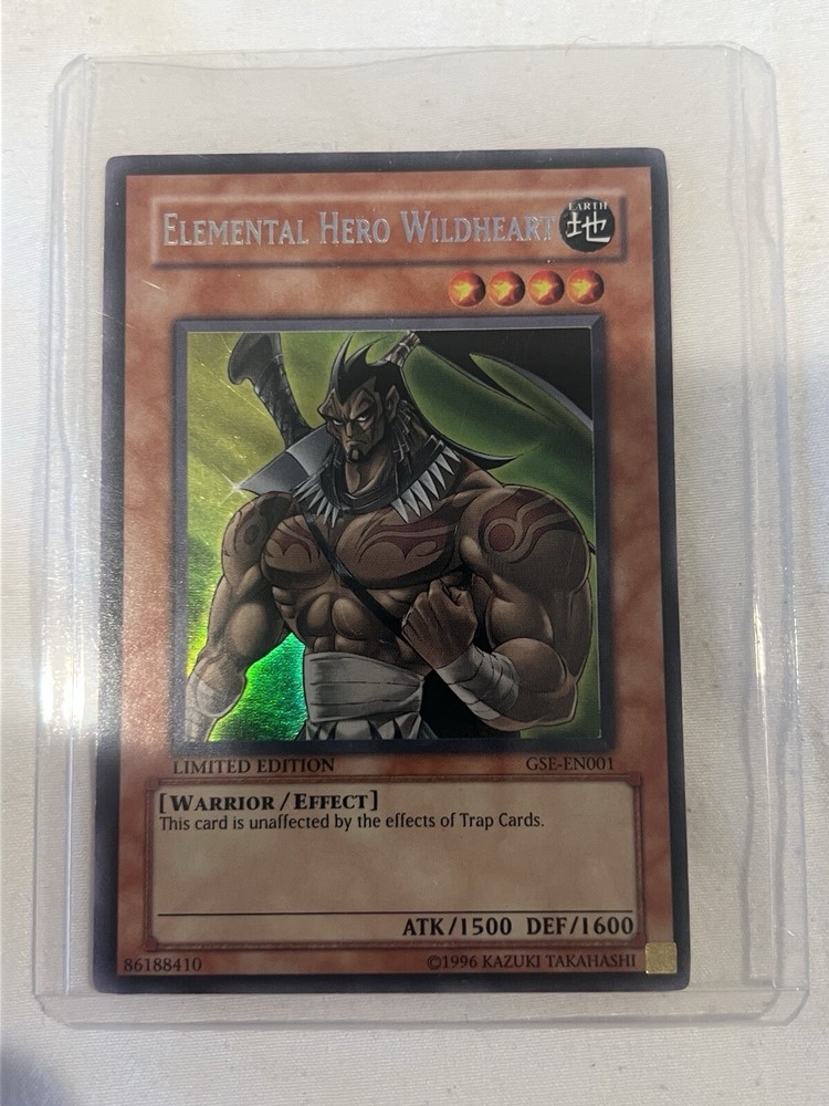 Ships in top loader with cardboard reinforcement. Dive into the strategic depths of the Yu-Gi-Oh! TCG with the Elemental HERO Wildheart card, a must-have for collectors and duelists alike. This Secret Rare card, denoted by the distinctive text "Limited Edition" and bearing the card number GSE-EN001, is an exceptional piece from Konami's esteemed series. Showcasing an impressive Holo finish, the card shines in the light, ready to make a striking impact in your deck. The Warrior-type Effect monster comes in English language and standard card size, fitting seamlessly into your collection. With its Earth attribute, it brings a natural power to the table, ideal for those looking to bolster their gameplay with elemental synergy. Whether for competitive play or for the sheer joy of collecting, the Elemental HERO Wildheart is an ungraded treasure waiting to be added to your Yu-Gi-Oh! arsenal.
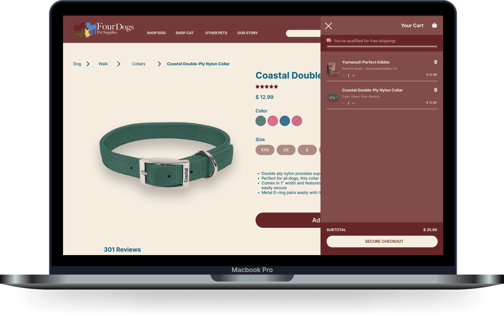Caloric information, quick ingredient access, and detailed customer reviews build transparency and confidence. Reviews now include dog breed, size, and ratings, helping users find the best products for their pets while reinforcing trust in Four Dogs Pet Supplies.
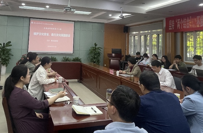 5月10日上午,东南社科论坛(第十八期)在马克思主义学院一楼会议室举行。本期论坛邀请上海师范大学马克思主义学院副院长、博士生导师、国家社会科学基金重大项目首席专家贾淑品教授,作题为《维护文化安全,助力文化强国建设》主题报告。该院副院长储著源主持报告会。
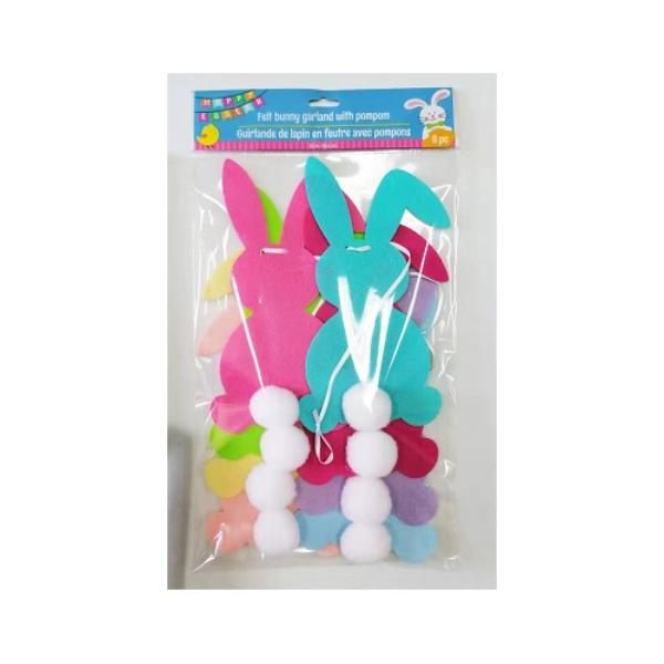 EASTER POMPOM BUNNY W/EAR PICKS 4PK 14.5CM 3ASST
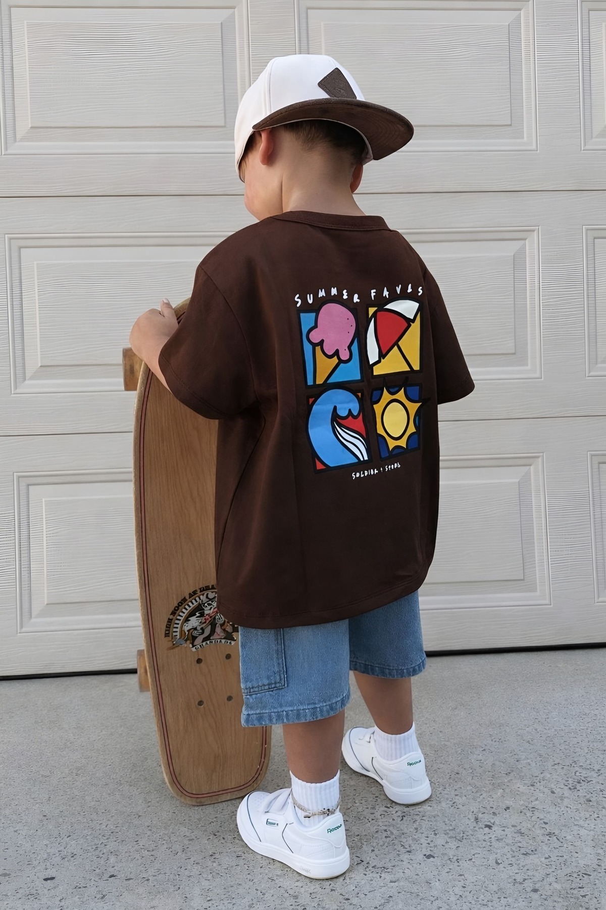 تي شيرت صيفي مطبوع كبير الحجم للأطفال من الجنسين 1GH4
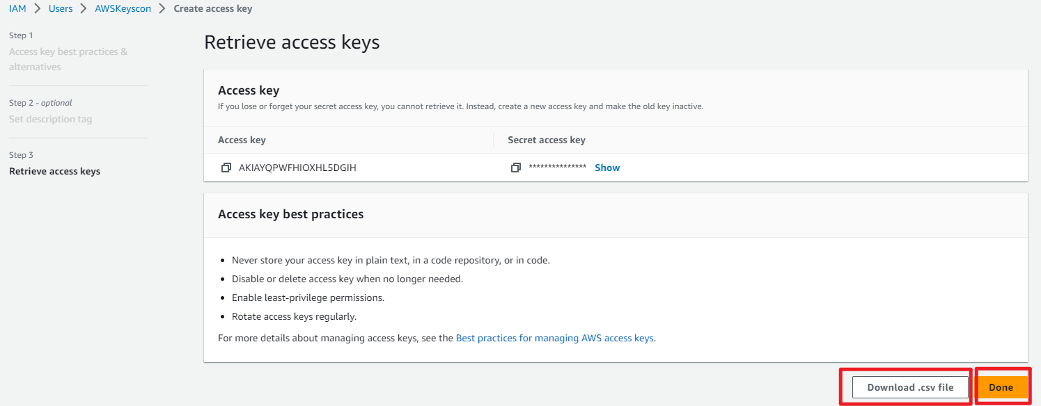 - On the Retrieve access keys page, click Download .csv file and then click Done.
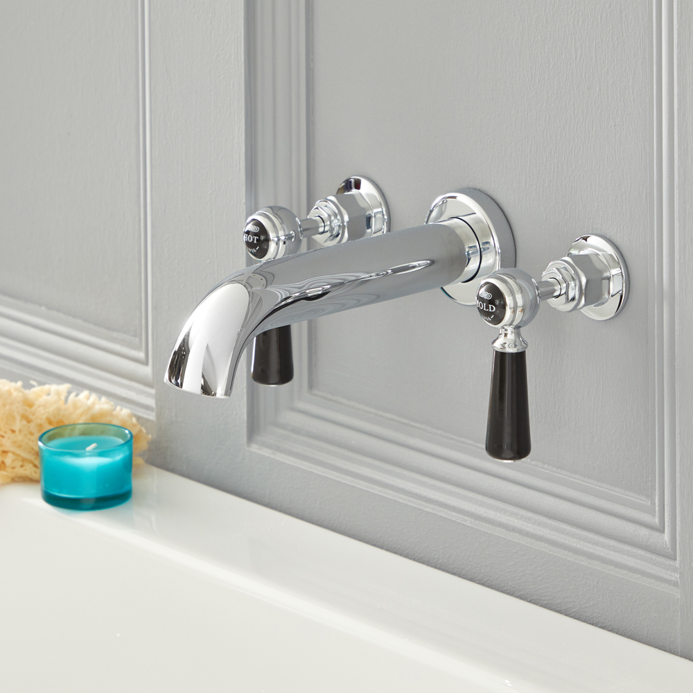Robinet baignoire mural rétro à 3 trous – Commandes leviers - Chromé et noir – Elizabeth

■ ■ ■ ■ ■

## [Exercise aim]
Give back the whole listing exactly; no pictures.

## [Completed exercise]
 Ships in top loader with cardboard reinforcement. Dive into the strategic depths of the Yu-Gi-Oh! TCG with the Elemental HERO Wildheart card, a must-have for collectors and duelists alike. This Secret Rare card, denoted by the distinctive text "Limited Edition" and bearing the card number GSE-EN001, is an exceptional piece from Konami's esteemed series. Showcasing an impressive Holo finish, the card shines in the light, ready to make a striking impact in your deck. The Warrior-type Effect monster comes in English language and standard card size, fitting seamlessly into your collection. With its Earth attribute, it brings a natural power to the table, ideal for those looking to bolster their gameplay with elemental synergy. Whether for competitive play or for the sheer joy of collecting, the Elemental HERO Wildheart is an ungraded treasure waiting to be added to your Yu-Gi-Oh! arsenal.
Caloric information, quick ingredient access, and detailed customer reviews build transparency and confidence. Reviews now include dog breed, size, and ratings, helping users find the best products for their pets while reinforcing trust in Four Dogs Pet Supplies.
 5月10日上午,东南社科论坛(第十八期)在马克思主义学院一楼会议室举行。本期论坛邀请上海师范大学马克思主义学院副院长、博士生导师、国家社会科学基金重大项目首席专家贾淑品教授,作题为《维护文化安全,助力文化强国建设》主题报告。该院副院长储著源主持报告会。
 EASTER POMPOM BUNNY W/EAR PICKS 4PK 14.5CM 3ASST
 تي شيرت صيفي مطبوع كبير الحجم للأطفال من الجنسين 1GH4
 - On the Retrieve access keys page, click Download .csv file and then click Done.
Robinet baignoire mural rétro à 3 trous – Commandes leviers - Chromé et noir – Elizabeth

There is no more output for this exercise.